To whom is the value added?

And so, such a local forest economy, living by the measure of local economic health, might be led to some surprising alterations of forestry technology.  For instance, from the viewpoint of the community, it is not always much of an improvement when labour-saving technology reduces employment.

For example, we might well  look again at the use of draft animals and human beings in harvesting and other operations, where appropriate.

This would not only be kinder to the forest,  but would also be another way of elaborating the economy locally, requiring lower investment and generating more employment within and less spending outside the community.

A good forest economy would make good forestry attractive to landowners, providing income from other uses of their woodlands, markets for forest products other than timber, and so on.

And a  good forest economy would obviously need to be much interested in local education. We would, of course, need to pass on to our children the larger culture’s inheritance of book learning. But also, both at home and at school, we would want our children to learn local geography, ecology, history, natural history, and, of course, local songs and stories.

And we would want a sort of apprenticeship process, constantly preparing our young people to carry on the local work in the best way.

National agencies, the present guardians of our public lands, have a duty to protect the ‘public interest’, and ‘the public’ is understood to mean the state. But a community is the local manifestation of the public, and a community of place is a community of residents!  We actually live here! and we have a vital interest in the sustainable management of our local environment, including  all land, public and private.  

The interests of residents, being local and often of many generations, are not identical to those of absentee proprietors, whether they be individuals, corporations, or agencies of ‘public’ ownership

Local benefit  (economic, social, environmental) -  must be the prime consideration in determining  policy, including land use, and particularly in the case of publicly owned  resources.  Why else have public land?

Some of you may be surprised to hear me say this, But in the case of private land, I believe deeply that resident owners have the greatest direct interest and offer the best assurance of good management practice.  

If you thought differently, you have got me wrong!  I am a resident and owner, if only on 8 acres.  

So it seems clear to me that  good management, in the public interest, is most likely to be achieved through direct and controlling  participation of resident local folk.

And, that where work is to be carried out, it is most likely to be well done by suitably qualified local workers.

And so it is also clear that  provision of local employment is a valid objective.  And, in practice, a natural outcome of good management!

Above all, we must not allow ourselves to feel intimidated or excluded from full and active participation through lack of ‘expertise.’

Local knowledge and affection for our neighbourhood places  are just as  important!
All this implies that a good forest economy would be a limited economy. It would be limited in scale and limited by what it would not do.
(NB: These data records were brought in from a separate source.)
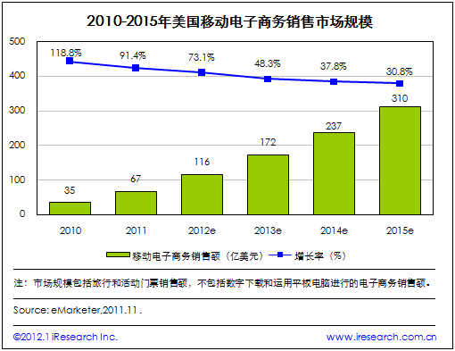 2015年美國移動電子商務(wù)市場規(guī)模將達(dá)到310億美元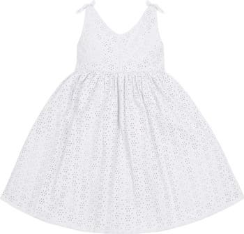 Eyelet feels fresh and fun in our bestselling bow shoulder summer dress. Features adorable bows at the shoulders, v-neck silhouette, a full lining, and a side zipper for easy dressing. Comfortable to play and move in, but still has a beautiful and flattering silhouette that could be dressed up for a special event.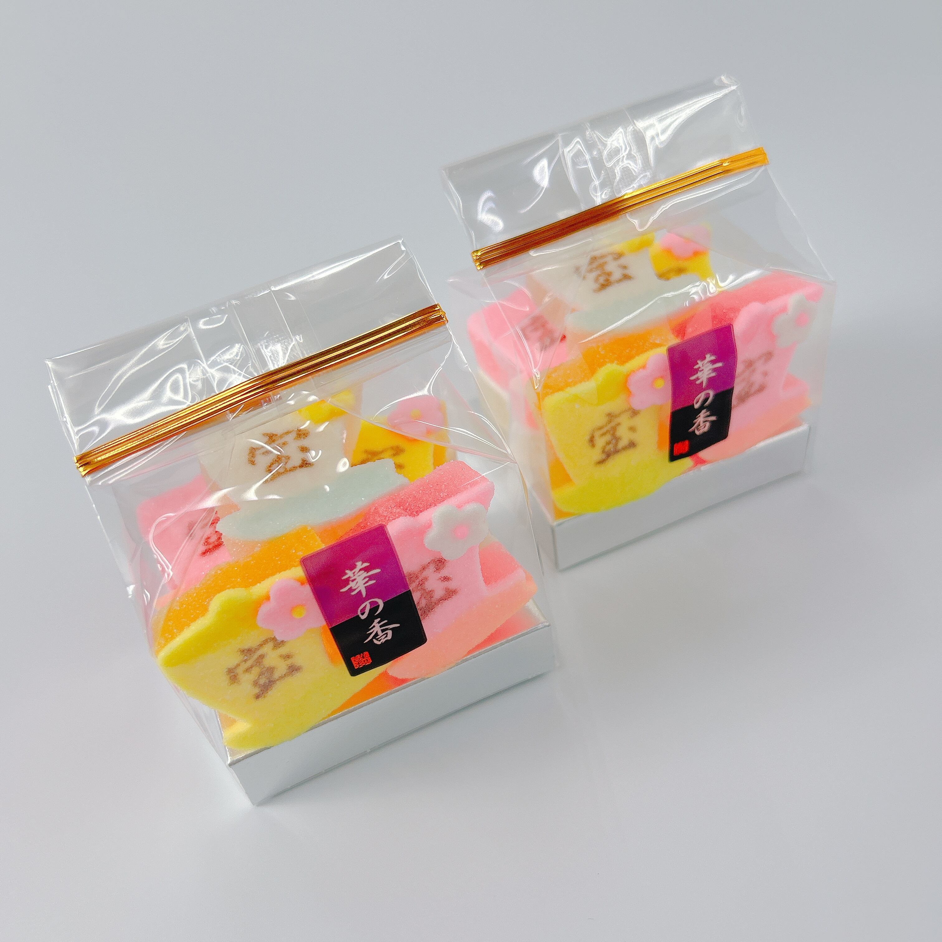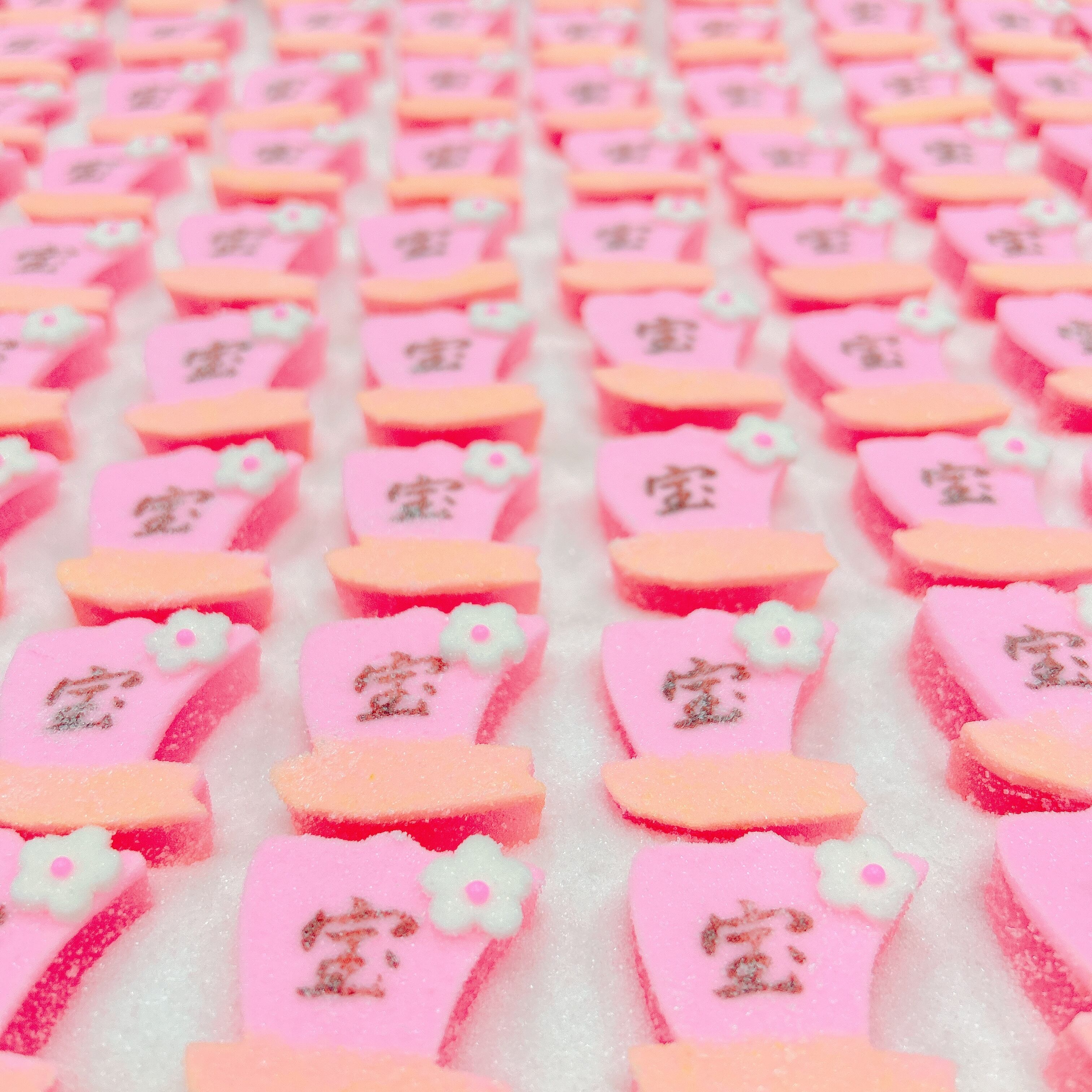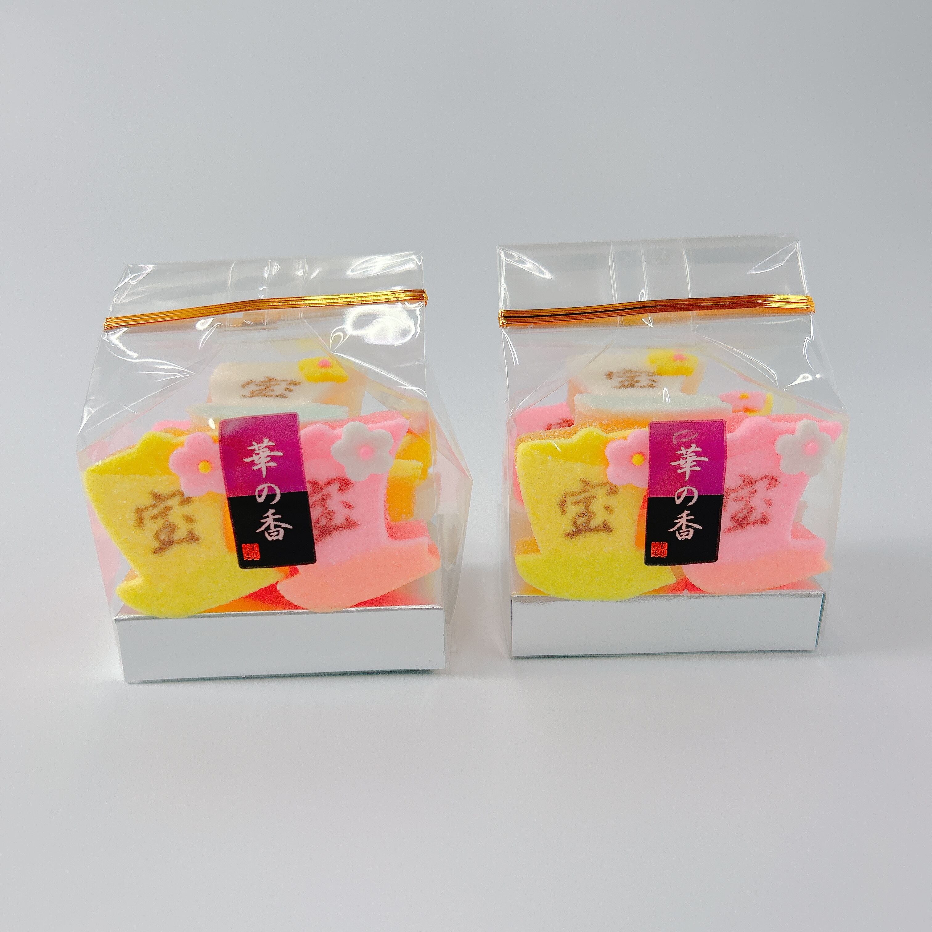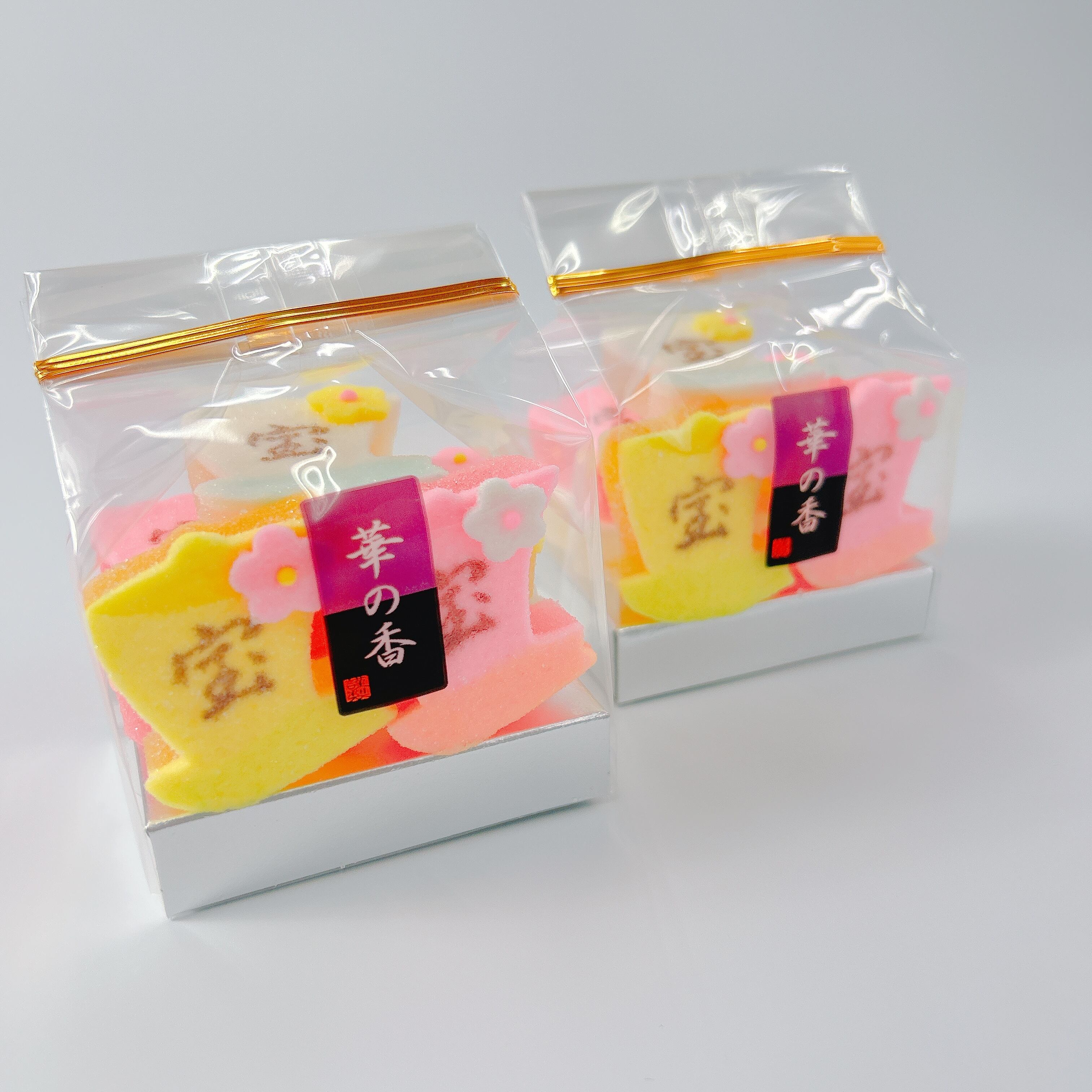 3色の宝船型の細工ゼリーに梅の花を添えた冬シーズン限定の半生菓子です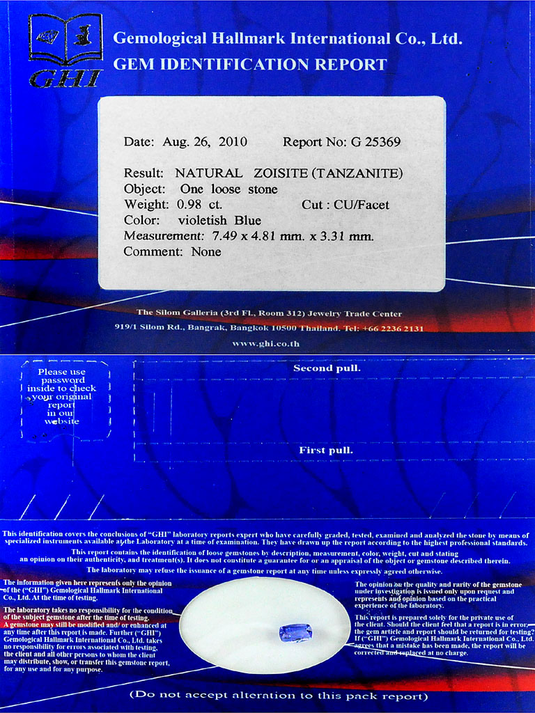 Certified 0.98 Ct. Natural Cushion Violetish Blue Tanzanite Gemstone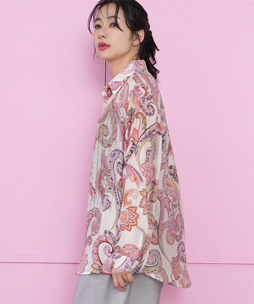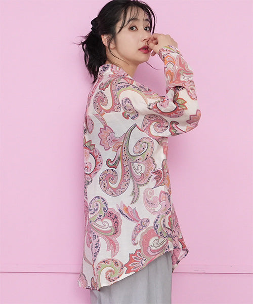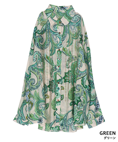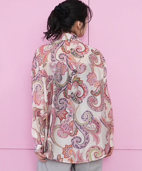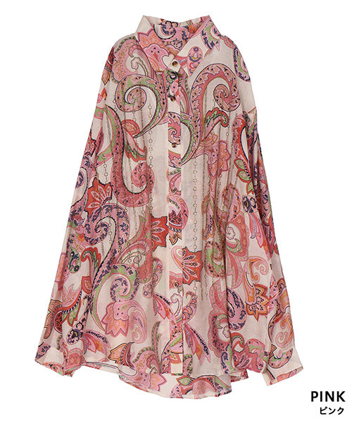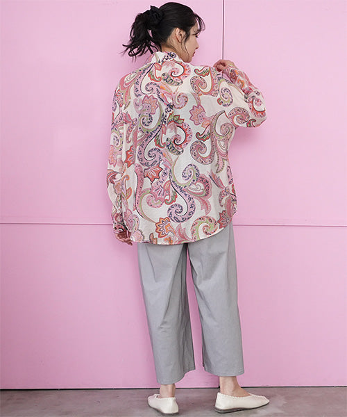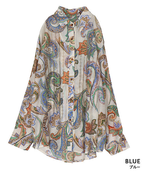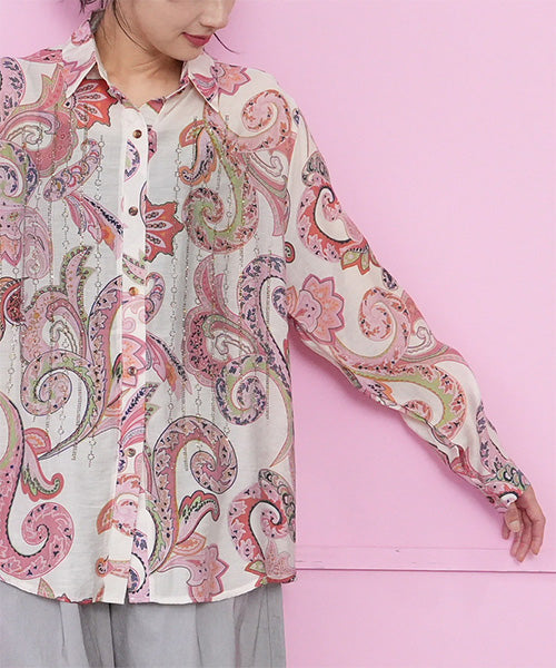 シアー感のあるオリエンタル柄の、大人っぽいシャツブラウスです。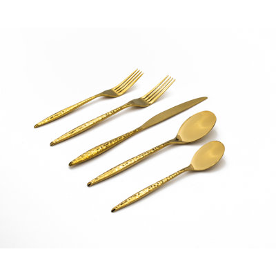 Avellino 20 Piece 18/10 Stainless Steel Flatware Set, Service for 4Forged with a unique texture that fits well with any decor. Its stainless steel core makes it sturdy enough for everyday use and each place setting ensures that you have all the right utensils at hand, whatever the occasion. Godinger Silver Art Co Color: Shiny GoldGodinger Silver Art Co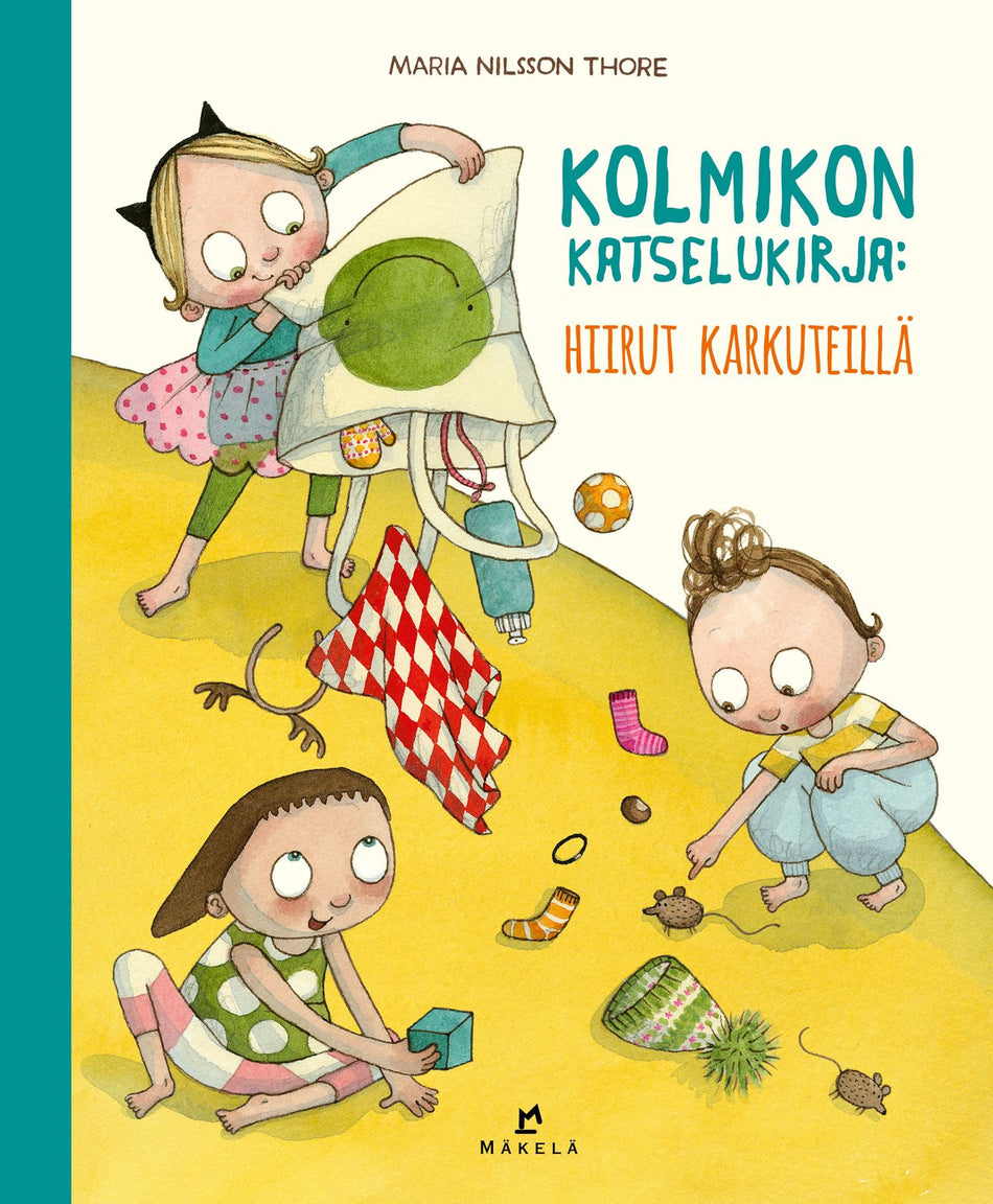 Päiväkotielämää lämpimän humoristisesti kuvaava Kolmikko-sarja jatkuu tukevasivuisella etsi ja löydä -kirjalla.

But it would also be limited by the need to leave (or to create as at Carrifran), some wilder areas of significant acreage unused.  (or hectarage, if we must have it  that way - it’s only numbers!)

Because of our  inclination to be proud and greedy, our human character needs this practical deference toward things greater than ourselves.  Personally, I think this is a religious deference.

Also, for reasons of pure self-interest and our own survival, we need wilderness as a standard.  Wilderness gives us the indispensable pattern and measure of sustainability.

Now, These thoughts are not meant to be limiting, but rather to emphasise that it’s our business to determine what we want, and how we’re likely to accomplish it.  "They" are able to help, and they want to, but if we just leave it to them, we’ll have no business complaining.  

If we get it right they will disappear, because they’ll just be some more of us!